It's not every day that you get a glimpse into what a malware program looks like before it's completed, but today, we get to see two. The ElGato ransomware for Android and the Hitler-Ransonware (yes, that's the real spelling) for Windows channel two things the Internet loves discussing: cats and Adolf Hitler.
They then leverages those memes to encrypt your files and demand a ransom. Or, at least, they would, if they were finished.
McAfee Labs discovered ElGato "running on a legitimate cloud server provider," which it would not name, since it wanted to give the company a chance to clean up its act. ElGato can encrypt files, steal text messages and lock users out of their own devices. Said users might not notice, however, because whenever it locks a phone, it displays a picture of a cuddly cat mid-yawn.
The good news, if getting a piece of malware can be good news, is that the ElGato ransomware appears to be very much a work-in-progress. At present, there's no actual ransom. Furthermore, although the program has the capacity to encrypt files, it doesn't actually do so. McAfee researchers were even able to tap into the program's own servers, ironically enough, because they are not encrypted.
McAfee theorizes that ElGato isn't meant to be a fully functional ransomware package, but rather a demo for something that malefactors could buy as part of an exploit kit. Either way, a good Android antivirus program will quash it.
What's more embarrassing than a piece of ransomware that doesn't do anything? Perhaps it's one that does something really weak. AVG malware analyst Jakub Kroustek discovered the Hitler-Ransonware: a Nazi-worshipping malicious program that can't even spell its own name right. Worse still: It doesn't even want money. It wants a €25 Vodafone card code.
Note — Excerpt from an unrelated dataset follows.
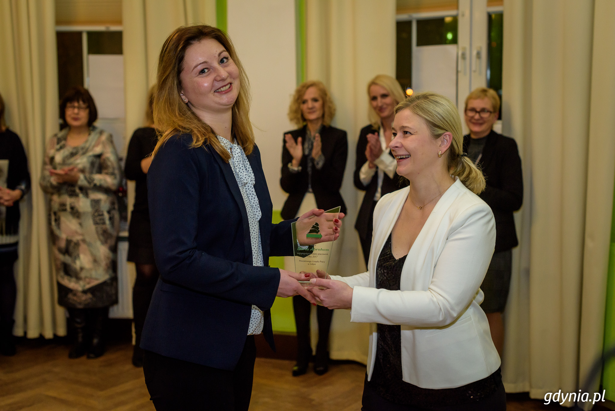 Z okazji Dnia Pracownika Publicznych Służb Zatrudnienia nagrodzono najlepszych pracowników Powiatowego Urzędu Pracy. Podczas uroczystej gali wręczono dwa wyróżnienia: Nagrodę Prezydenta Miasta Gdyni oraz Nagrodę „Najsympatyczniejszy Pracownik”. Uroczystość odbyła się w Klubie Marynarki Wojennej „Riwiera”. Święto to okazja do szczególnego wyróżnienia i uhonorowania tych, którzy swoim zaangażowaniem wyróżnili się w swojej codziennej pracy. Nagrodę prezydenta Gdyni otrzymała Milena Piotrowicz-Miksa za tworzenie modelowych rozwiązań w zakresie zatrudniania cudzoziemców. oraz pani Beata Sparzak za wprowadzanie innowacyjnych rozwiązań informatycznych.Wyróżnienia wręczyła wiceprezydent Gdyni Katarzyna Gruszecka-Spychała: - Gdynia od lat ma rekordowo niski wskaźnik bezrobocia. Ten problem w naszym mieście aktualnie praktycznie nie występuje. Obie nagrodzone dziś Panie wyróżniły się poszukiwaniem bardzo nowoczesnych rozwiązań, odmiennych od tradycyjnych wyobrażeń o urzędzie pracy, za to idealnie dostosowanych do gospodarczych potrzeb Gdyni. Nagroda Prezydenta Miasta Gdyni przyznawana jest od 2014 roku za wybitne i nowatorskie osiągnięcia w dziedzinie promocji zatrudnienia, łagodzenia skutków bezrobocia oraz aktywizacji zawodowej w kategoriach: najlepszy pracownik w pionie rynku pracy, oraz najlepszy pracownik w pionie ewidencji i świadczeń. Warto podkreślić, że Powiatowy Urząd Pracy w Gdyni jest wysoko oceniany za swoją skuteczną działalność na rzecz zwiększania zatrudnienia i często wymieniany jako przykład bardzo dobrej współpracy z pracodawcami, organizacjami społecznymi i biznesowymi.Drugą nagrodą wręczoną podczas gali było wyróżnienie przyznawane przez samych pracowników PUP w Gdyni. Tytuł najsympatyczniejszego członka zespołu wręczyli swojej koleżance Darii Abraham. Nagroda „Najsympatyczniejszy pracownik” przyznawana jest od 2013 roku, jej laureaci wybierani są przez pracowników w drodze tajnego głosowania. Galeria zdjęć Pobierz galerię Najlepsi pracownicy Powiatowego Urzędu Pracy w Gdyni zostali nagrodzeni. Fot. Dawid Linkowski Pobierz zdjęcie Gala wręczenia Nagrody Prezydenta Miasta Gdyni. Fot. Dawid Linkowski Pobierz zdjęcie Gala wręczenia Nagrody Prezydenta Miasta Gdyni. Fot. Dawid Linkowski Pobierz zdjęcie Gala wręczenia Nagrody Prezydenta Miasta Gdyni. Fot. Dawid Linkowski Pobierz zdjęcie Gala wręczenia Nagrody Prezydenta Miasta Gdyni. Fot. Dawid Linkowski Pobierz zdjęcie Gala wręczenia Nagrody Prezydenta Miasta Gdyni. Fot. Dawid Linkowski Pobierz zdjęcie Gala wręczenia Nagrody Prezydenta Miasta Gdyni. Fot. Dawid Linkowski Pobierz zdjęcie Gala wręczenia Nagrody Prezydenta Miasta Gdyni. Fot. Dawid Linkowski Pobierz zdjęcie Gala wręczenia Nagrody Prezydenta Miasta Gdyni. Fot. Dawid Linkowski Pobierz zdjęcie Gala wręczenia Nagrody Prezydenta Miasta Gdyni. Fot. Dawid Linkowski Pobierz zdjęcie Gala wręczenia Nagrody Prezydenta Miasta Gdyni. Fot. Dawid Linkowski Pobierz zdjęcie Gala wręczenia Nagrody Prezydenta Miasta Gdyni. Fot. Dawid Linkowski Pobierz zdjęcie Gala wręczenia Nagrody Prezydenta Miasta Gdyni. Fot. Dawid Linkowski Pobierz zdjęcie Warunki pobierania Wszelkie prawa do zdjęć lub grafik prezentowanych w ramach portalu, należą do Prowadzącego portal lub do podmiotów z nim współpracujących i podlegają ochronie prawnej. Prowadzący portal zezwala na kopiowanie i przedstawianie utworów jedynie w celach niekomercyjnych oraz pod warunkiem zachowania go w oryginalnej postaci i zachowaniem kontekstu tematu, do którego zostało wykorzystaneprzez redakcję gdynia.pl. Opublikowane materiały powinny zawsze zawierać źródło, czyli adres strony www.gdynia.pl. Na publikowanie utworów w innych celach wymagana jest zgoda właściciela strony czyli Prowadzącego portal. Opublikowano: 12.01.2018 19:40 Autor: Arleta _Bolda-Górna (a.bolda-gorna@gdynia.pl) Zmodyfikowano: 09.02.2018 15:58 Zmodyfikował: Agnieszka Janowicz

Bleeping Computer did a thorough write-up of the malicious(ish) software, which doesn't appear to be ready for prime time. In addition to its silly ransom request, a batch file, written in shaky German, reads "This is a test" and "Hello world." ("Hello world" is usually the first thing a programmer writes when he or she learns a new coding language.)
The worst part, though, is that the program doesn't even encrypt anything. Instead, it deletes the extensions for a user's files, shows a lock screen, and demands its paltry wergild. An hour later, the computer crashes, then deletes all files in a user’s %UserProfile% folder. This usually includes My Documents and whatever pictures and music you keep there.
Kroustek didn't mention where he came across this malware-in-progress, so users are probably safe from it, for now. Even if they weren't, though, all they'd need to do is uninstall the program and recover their deleted files. Undeleting files can be a pain in the butt, but it's not difficult to do.
Ransomware is usually one of the most pernicious and dangerous types of malware, but these two programs illustrate that it's not scary at all when defanged. Maybe someday they'll be real scourges of the internet, but until then, a good antivirus program will keep them at bay, same as any other run-of-the-mill malicious software.